━━━━━ Material provided ━━━━━

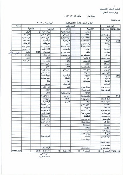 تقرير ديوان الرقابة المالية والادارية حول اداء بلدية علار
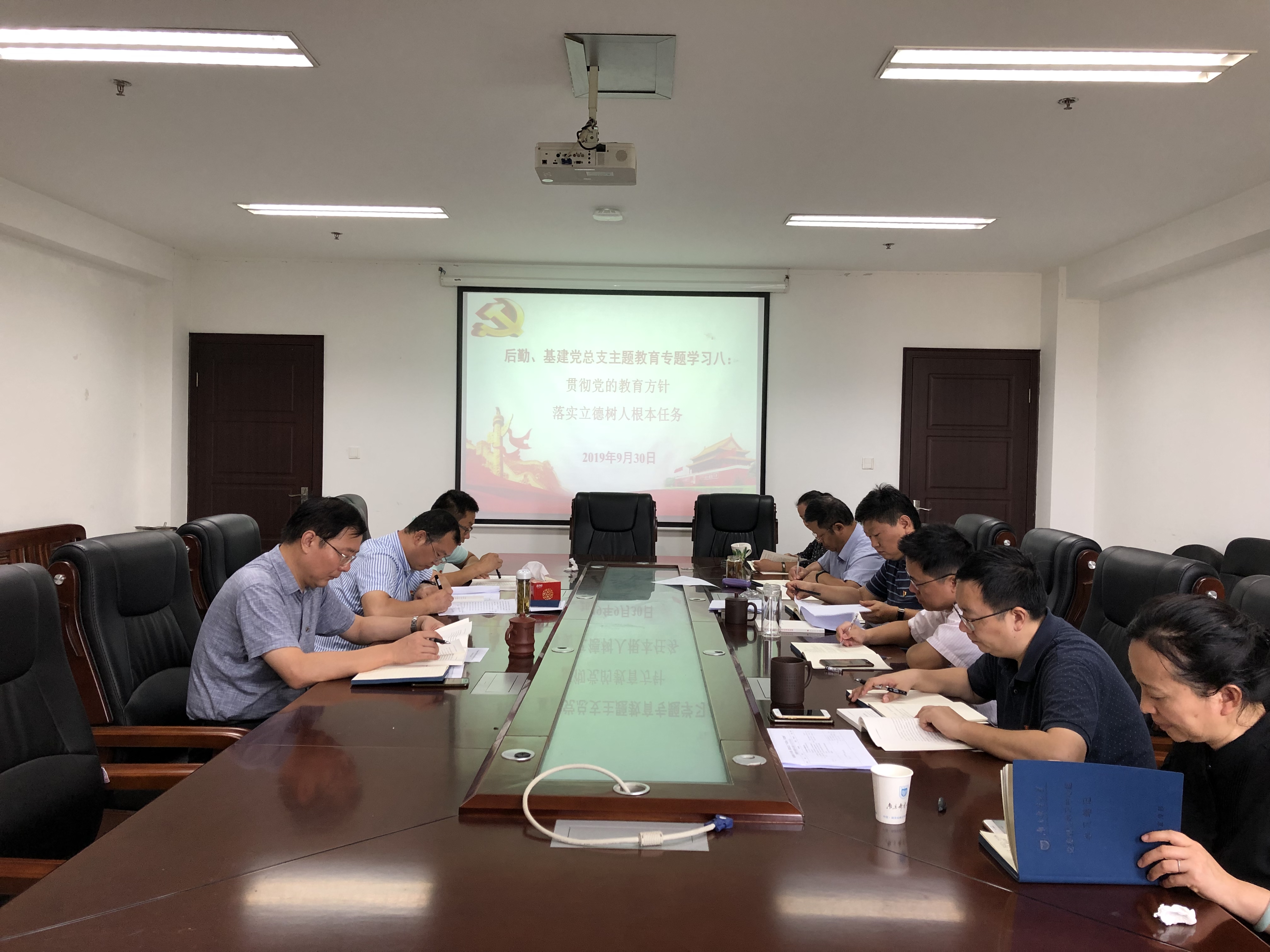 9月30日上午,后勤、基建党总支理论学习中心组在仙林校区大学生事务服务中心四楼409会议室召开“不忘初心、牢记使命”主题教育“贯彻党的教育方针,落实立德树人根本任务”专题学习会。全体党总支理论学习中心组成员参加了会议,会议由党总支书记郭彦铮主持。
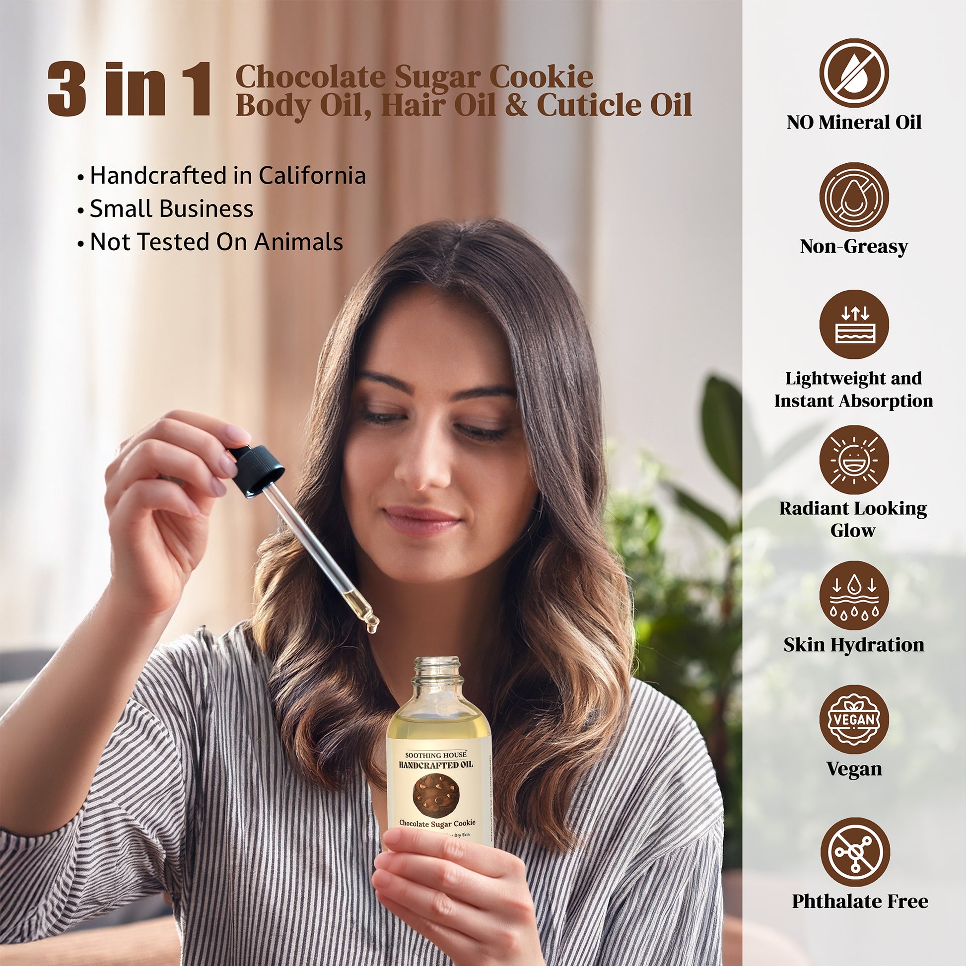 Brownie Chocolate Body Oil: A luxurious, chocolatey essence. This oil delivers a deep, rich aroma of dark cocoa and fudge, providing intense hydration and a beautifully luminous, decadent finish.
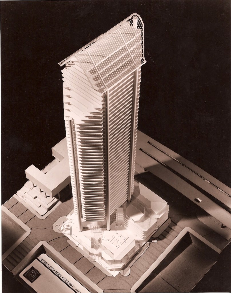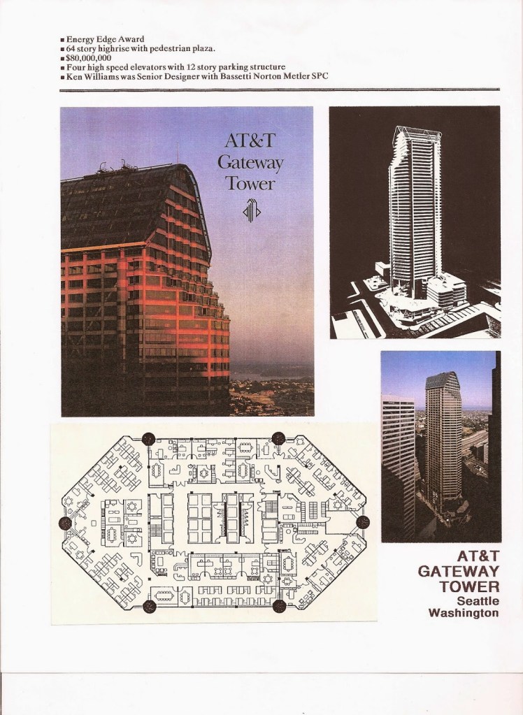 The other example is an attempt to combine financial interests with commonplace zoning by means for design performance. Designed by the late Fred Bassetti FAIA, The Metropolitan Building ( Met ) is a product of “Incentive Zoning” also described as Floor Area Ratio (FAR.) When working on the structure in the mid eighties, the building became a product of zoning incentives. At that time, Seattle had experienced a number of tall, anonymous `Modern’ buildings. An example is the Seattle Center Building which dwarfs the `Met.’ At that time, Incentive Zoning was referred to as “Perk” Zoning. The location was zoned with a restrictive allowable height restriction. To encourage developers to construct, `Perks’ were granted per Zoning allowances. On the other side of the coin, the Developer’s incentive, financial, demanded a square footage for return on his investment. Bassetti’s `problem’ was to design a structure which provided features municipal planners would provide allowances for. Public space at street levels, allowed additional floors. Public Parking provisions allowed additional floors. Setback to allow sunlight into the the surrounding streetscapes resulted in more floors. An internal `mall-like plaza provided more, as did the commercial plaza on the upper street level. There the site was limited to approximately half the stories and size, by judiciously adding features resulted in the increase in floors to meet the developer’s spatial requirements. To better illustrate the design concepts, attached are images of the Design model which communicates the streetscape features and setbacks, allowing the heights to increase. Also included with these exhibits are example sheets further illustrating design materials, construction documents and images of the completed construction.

━━━━━

_What to do_
A word-for-word transcription of the listing is needed, minus its images.

_Task result_
 تقرير ديوان الرقابة المالية والادارية حول اداء بلدية علار
 9月30日上午,后勤、基建党总支理论学习中心组在仙林校区大学生事务服务中心四楼409会议室召开“不忘初心、牢记使命”主题教育“贯彻党的教育方针,落实立德树人根本任务”专题学习会。全体党总支理论学习中心组成员参加了会议,会议由党总支书记郭彦铮主持。
 Brownie Chocolate Body Oil: A luxurious, chocolatey essence. This oil delivers a deep, rich aroma of dark cocoa and fudge, providing intense hydration and a beautifully luminous, decadent finish.
 The other example is an attempt to combine financial interests with commonplace zoning by means for design performance. Designed by the late Fred Bassetti FAIA, The Metropolitan Building ( Met ) is a product of “Incentive Zoning” also described as Floor Area Ratio (FAR.) When working on the structure in the mid eighties, the building became a product of zoning incentives. At that time, Seattle had experienced a number of tall, anonymous `Modern’ buildings. An example is the Seattle Center Building which dwarfs the `Met.’ At that time, Incentive Zoning was referred to as “Perk” Zoning. The location was zoned with a restrictive allowable height restriction. To encourage developers to construct, `Perks’ were granted per Zoning allowances. On the other side of the coin, the Developer’s incentive, financial, demanded a square footage for return on his investment. Bassetti’s `problem’ was to design a structure which provided features municipal planners would provide allowances for. Public space at street levels, allowed additional floors. Public Parking provisions allowed additional floors. Setback to allow sunlight into the the surrounding streetscapes resulted in more floors. An internal `mall-like plaza provided more, as did the commercial plaza on the upper street level. There the site was limited to approximately half the stories and size, by judiciously adding features resulted in the increase in floors to meet the developer’s spatial requirements. To better illustrate the design concepts, attached are images of the Design model which communicates the streetscape features and setbacks, allowing the heights to increase. Also included with these exhibits are example sheets further illustrating design materials, construction documents and images of the completed construction.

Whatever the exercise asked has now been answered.